PALANGKA RAYA – Dinas Pendidikan Provinsi Kalimantan Tengah (Disdik Kalteng) menggelar webinar dengan Sinergi Finland Indonesia (SFI) guna meningkatkan kualitas pendidikan di wilayah tersebut.
Kolaborasi ini ditandai dengan penyelenggaraan Kalteng Educational Meeting Part 1 yang berlangsung secara daring pada Selasa 3 Juni 2025, mengangkat tema “Kolaborasi Disdik Kalteng Bersama Finlandia Melalui SFI”.
Acara ini diikuti oleh para guru SMA, SMK, dan SKH se-Kalteng melalui platform Zoom Meting. Hadir sebagai narasumber utama, CEO sekaligus Co-Founder SFI, Devi Rizal, MBA., M.Eng, yang memaparkan sistem pendidikan Finlandia yang dikenal sebagai salah satu yang terbaik di dunia.
“Salah satu hal yang menarik dari sistem pendidikan di Finlandia adalah pendekatan pembelajaran yang mengedepankan kualitas, bukan kuantitas. Jam sekolah dimulai dari pukul 09.00 hingga 13.00, namun hasilnya sangat efektif dan efisien. Ini karena fokusnya adalah pada kenyamanan belajar, bukan pada lamanya waktu di kelas,” ungkap Devi.
Ia juga menyampaikan bahwa SFI saat ini telah menjalin nota kesepahaman (MoU) dengan 30 universitas sebagai bagian dari upaya meningkatkan kualitas pendidikan melalui kolaborasi internasional.
Pelaksana Tugas (Plt) Kepala Dinas Pendidikan Kalteng, Muhammad Reza Prabowo, turut menjadi pembicara dalam webinar tersebut. Ia menjelaskan berbagai terobosan yang telah dilakukan Pemprov Kalteng di bawah kepemimpinan Gubernur Agustiar Sabran untuk memajukan sektor pendidikan.
“Gubernur sudah melakukan berbagai langkah nyata untuk menciptakan pendidikan yang berkualitas dan luar biasa, mulai dari pembangunan sarana dan prasarana, peningkatan kualitas guru melalui pelatihan Huma Betang, hingga implementasi pembelajaran hybrid,” ujarnya.

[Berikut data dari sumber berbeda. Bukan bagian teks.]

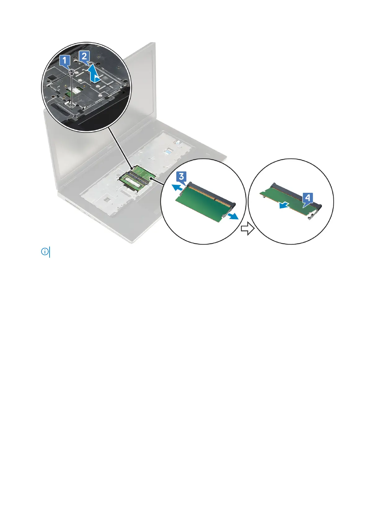 d. Replace the single (M2.0x3.0) screw to secure the memory shield to the memory module [4].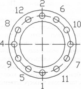 Затяжка двенадцати болтов M11x1,25 соединения корпуса водила с фланцем к ведомой косозубой шестерни выходного вала ведется в определенной последовательности (рис. 14) по правилу: момент плюс угол 90°.

Reza menambahkan, saat ini guru di Palangka Raya dapat mengajar secara langsung di kelas dan diikuti oleh siswa dari berbagai sekolah di kabupaten lain, termasuk wilayah pedalaman. Hal ini dimungkinkan berkat penggunaan papan tulis interaktif, listrik tenaga surya, serta jaringan internet berbasis Starlink.
Ia juga memaparkan sejumlah program unggulan yang dijalankan Dinas Pendidikan Kalteng, antara lain Program Rawan Melanjutkan Pendidikan (RMP) untuk 37.000 siswa jenjang SMA/SMK/SKH, program kuliah gratis untuk 10.000 mahasiswa, Asesmen Minat dan Bakat, Tracer Study lulusan, Try Out UTBK gratis, serta pembentukan Kelas Huma Betang sebagai ruang penguatan karakter pelajar.
“Harapan kami, melalui pertemuan ini, akan tercipta kerja sama konkret dalam bentuk program-program pendidikan antara Kalteng dan Finlandia melalui SFI,” kata Reza.
Menanggapi pemaparan tersebut, Devi Rizal menyampaikan apresiasi atas berbagai inovasi yang telah dilakukan oleh Disdik Kalteng.
“Apa yang sudah dilakukan ini sangat luar biasa. Saya tidak menyangka bahwa sudah semaju ini. Programnya konkret dan benar-benar dijalankan,” tuturnya penuh antusias.
Webinar ini menjadi momentum penting dalam membuka peluang kolaborasi internasional guna memperkuat sistem pendidikan di Kalimantan Tengah. Sinergi seperti ini diharapkan terus berlanjut demi mencetak generasi muda yang unggul, berkarakter, dan mampu bersaing di kancah global.